Music Visualizer over Go Live — Implementation Plan
Status: implemented March 13, 2026
References:
docs/voice/discord-streaming.md— Go Live transport referencesrc/voice/clankvox/src/stream_publish.rs— current publish pipelinesrc/voice/clankvox/src/music.rs— current music pipelinesrc/voice/voiceStreamPublish.ts— Bun-side publish orchestration
Goal
When music is playing, stream a real-time audio visualizer through Go Live so everyone in the voice channel sees it as a native Discord screen share. No browser needed — the visualizer is generated inside clankvox from the same audio stream that produces the opus voice output.
Shipped Outcome
The shipped implementation keeps the design intent from this plan and wires it through the existing music lifecycle:
voice.streamWatch.visualizerModeis a real setting, exposed in the dashboard, with"cqt"as the defaultmusic_playcan now start a sharedffmpegpipeline that emits PCM audio for Discord voice and H264 visualizer access units for Go Live at the same time- Bun uses
stream_publish_play_visualizerto attach the publish transport to that already-running visualizer feed instead of starting a second fetch "off"preserves the legacy URL-backed source-video relay path- non-YouTube audio sources work in visualizer mode as long as the music playback path resolved a playable URL for the active track
Canonical runtime documentation lives in
docs/voice/discord-streaming.md.
What Exists Today
Two separate ffmpeg child processes run in clankvox:
Music pipeline (music.rs):
yt-dlp -f bestaudio → ffmpeg → PCM s16le mono 48kHz → opus encode → voice connection
Publish pipeline (stream_publish.rs):
yt-dlp -f bestvideo → ffmpeg → H264 Annex-B → DAVE encrypt → RTP → Go Live stream
These are independent. The publish pipeline pulls the video track from YouTube, re-encodes it to H264, and sends it. The music pipeline pulls the audio track and decodes it to PCM. They share a URL but not a process.
Visualizer Architecture
Replace the two-process model with a single ffmpeg process that reads the audio track and produces both PCM audio output and H264 visualizer video:
yt-dlp -f bestaudio → ffmpeg -i pipe:0
│
asplit
├── [passthrough] → PCM s16le 48kHz → opus → voice connection
└── [viz] → showcqt/showspectrum → libx264 → H264 → DAVE → RTP → Go Live
Why One Process
- Sync: audio and video share the same source timebase. No drift, no clock alignment code.
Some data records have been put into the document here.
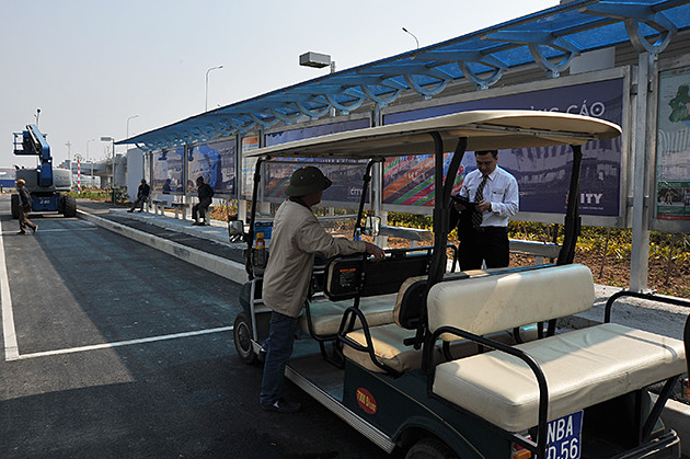 Để đi lại giữa hai nhà ga T1 và T2, hành khách có thể lựa chọn phương tiện di chuyển là những chiếc xe điện như thế này, với giá vé chỉ 7.000 đồng/khách.
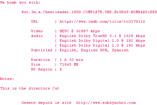 Voir le nfo de la release But.Im.A.Cheerleader.1999.COMPLETE.UHD.BLURAY-B0MBARDiERS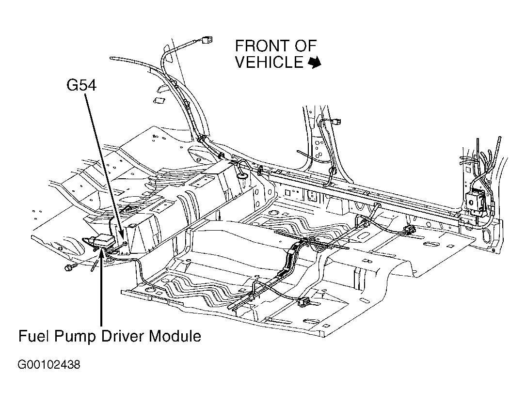 Fuel Pump Driver Module Under right rear seat. See Figure.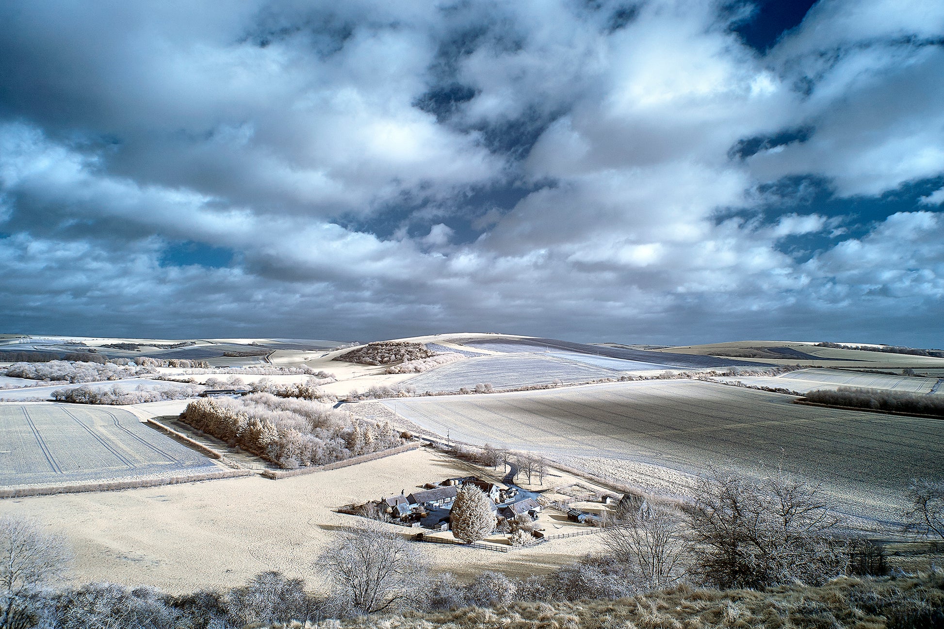 This is an infra red photograph of the view over Lower Barpham to Harrow Hill on the South Downs in West Sussex.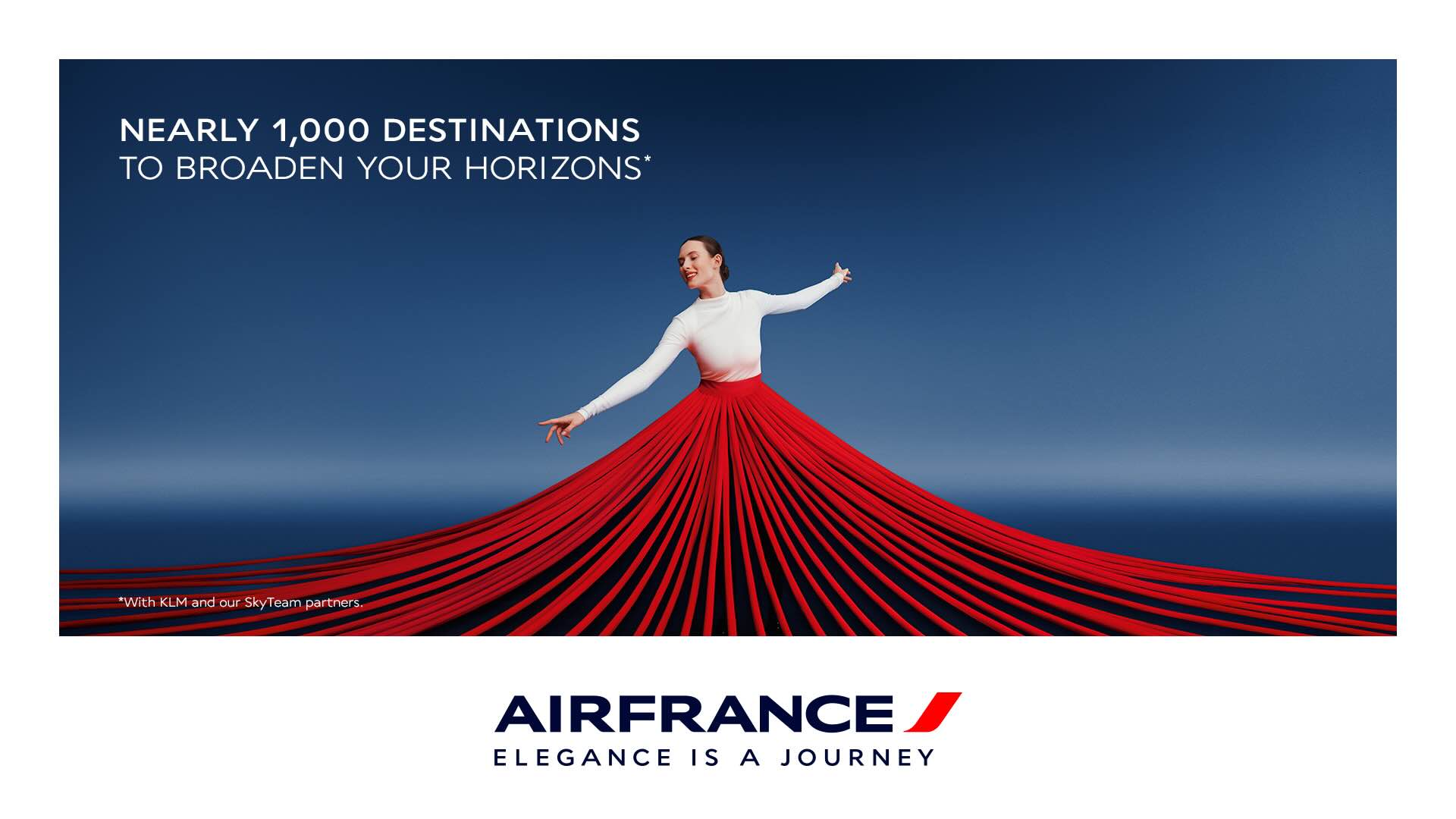 La campaña cuenta con una imagen principal, que ha sido creada por los fotógrafos Sofia Sanchez y Mauro Mongiello, y que contará con su versión en vídeo y en vídeo 3D. En ella se muestra la Torre Eiffel, símbolo universal de Francia, y una mujer ataviada con un vestido rojo, cuya cola ondea al viento. Con ello, se busca consolidar el lema publicitario de la aerolínea, “La elegancia es un viaje. Air France”.

- Simpler: one child process to spawn, monitor, and kill instead of two.
- Cheaper: yt-dlp fetches the stream once, not twice (no separate bestvideo download).
Implementation Steps
1. New ffmpeg command builder in stream_publish.rs
Add a build_visualizer_pipeline_command function alongside the existing
build_stream_publish_pipeline_command. This produces a single command that
outputs PCM audio on one pipe and H264 video on another:
pub(crate) fn build_visualizer_pipeline_command(
url: &str,
resolved_direct_url: bool,
visualizer: VisualizerMode,
) -> String {
let filter = match visualizer {
VisualizerMode::Spectrum => format!(
"showspectrum=s={W}x{H}:slide=scroll:color=magma:scale=cbrt:fscale=log:orientation=vertical"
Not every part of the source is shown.